Yet in some jurisdictions, the delays in the administration of justice are so interminable that to institute suit is to embark on a life-long adventure. Many persons submit to acts of injustice rather than resort to the courts. Inability to secure a prompt judicial adjudication leads to improvident and unjust settlements. Moreover, the time factor is an open invitation to those who are disposed to institute unwarranted litigation or interpose unfounded defenses in the hope of forcing an adjustment which could not be secured upon the merits. This situation frequently results in extreme hardships. The small business man or the litigant of limited means labors under a grave and constantly increasing disadvantage because of his inability to pay the price of justice.

Statistical data indicate that in many districts a disheartening and unavoidable interval must elapse between the date that issue is joined in a pending case and the time when it can be reached for trial in due course. These computations do not take into account the delays that occur in the preliminary stages of litigation or the postponements after a case might normally be expected to be heard.

The evil is a growing one. The business of the courts is continually increasing in volume, importance, and complexity. The average case load borne by each judge has grown nearly fifty percent since 1913, when the District Courts were first organized on their present basis. When the courts are working under such pressure it is inevitable that the character of their work must suffer.

The number of new cases offset those that are disposed of, so that the Courts are unable to decrease the enormous back-log of undigested matters. More than fifty thousand pending cases (exclusive of bankruptcy proceedings) overhang the federal dockets—a constant menace to the orderly processes of justice. Whenever a single case requires a protracted trial, the routine business of the court is further neglected. It is an intolerable situation and we should make shift to amend it.

Efforts have been made from time to time to alleviate some of the conditions that contribute to the slow rate of speed with which causes move through the Courts. The Congress has recently conferred on the Supreme Court the authority to prescribe rules of procedure after verdict in criminal cases and the power to adopt and promulgate uniform rules of practice for civil actions at law in the District Courts. It has provided terms of Court in certain places at which federal Courts had not previously convened. A small number of judges have been added from time to time.

Despite these commendable accomplishments, sufficient progress has not been made. Much remains to be done in developing procedure and administration, but this alone will not meet modern needs. The problem must be approached in a more comprehensive fashion, if the United States is to have a judicial system worthy of the nation. Reason and necessity require the appointment of a sufficient number of judges to handle the business of the federal Courts. These additional judges should be of a type and age which would warrant us in believing that they would vigorously attack their dockets, rather than permit their dockets to overwhelm them.

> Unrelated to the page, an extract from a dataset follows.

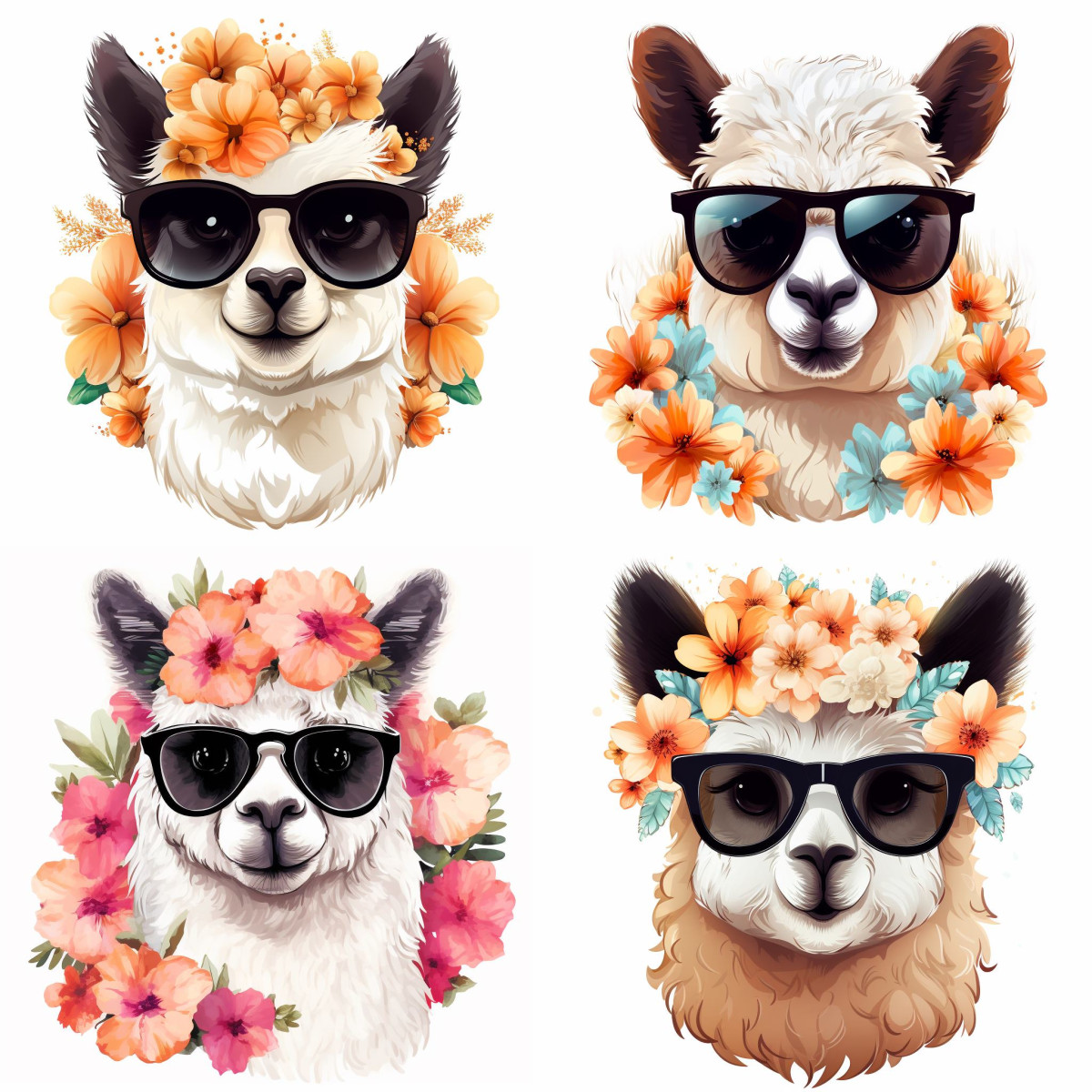 Láma virággal, napszemüvegben falmatrica | 8 + 24 db-os szett | 80 cm x 80 cm

The cost of additional personnel should not deter us. It must be borne in mind that the expense of maintaining the judicial system constitutes hardly three-tenths of one percent of the cost of maintaining the federal establishment. While the estimates for the current fiscal year aggregate over $23,000,000 for the maintenance of the legislative branch of the government, and over $2,100,000,000 for the permanent agencies of the executive branch, the estimated cost of maintaining the judiciary is only about $6,500,000. An increase in the judicial personnel, which I earnestly recommend, would result in a hardly perceptible percentage of increase in the total annual budget.

This result should not be achieved, however, merely by creating new judicial positions in specific circuits or districts. The reform should be effectuated on the basis of a consistent system which would revitalize our whole judicial structure and assure the activity of judges at places where the accumulation of business is greatest. AS congestion is a varying factor and cannot be foreseen, the system should be flexible and should permit the temporary assignment of judges to points where they appear to be most needed. The newly created personnel should constitute a mobile force, available for service in any part of the country at the assignment and direction of the Chief Justice. A functionary might well be created to be known as Proctor, or by some other suitable title,'to be appointed by the Supreme Court and to act under its direction, charged with the duty of continuously keeping informed as to the state of federal judicial business throughout the United States and of assisting the Chief Justice in assigning judges to pressure areas.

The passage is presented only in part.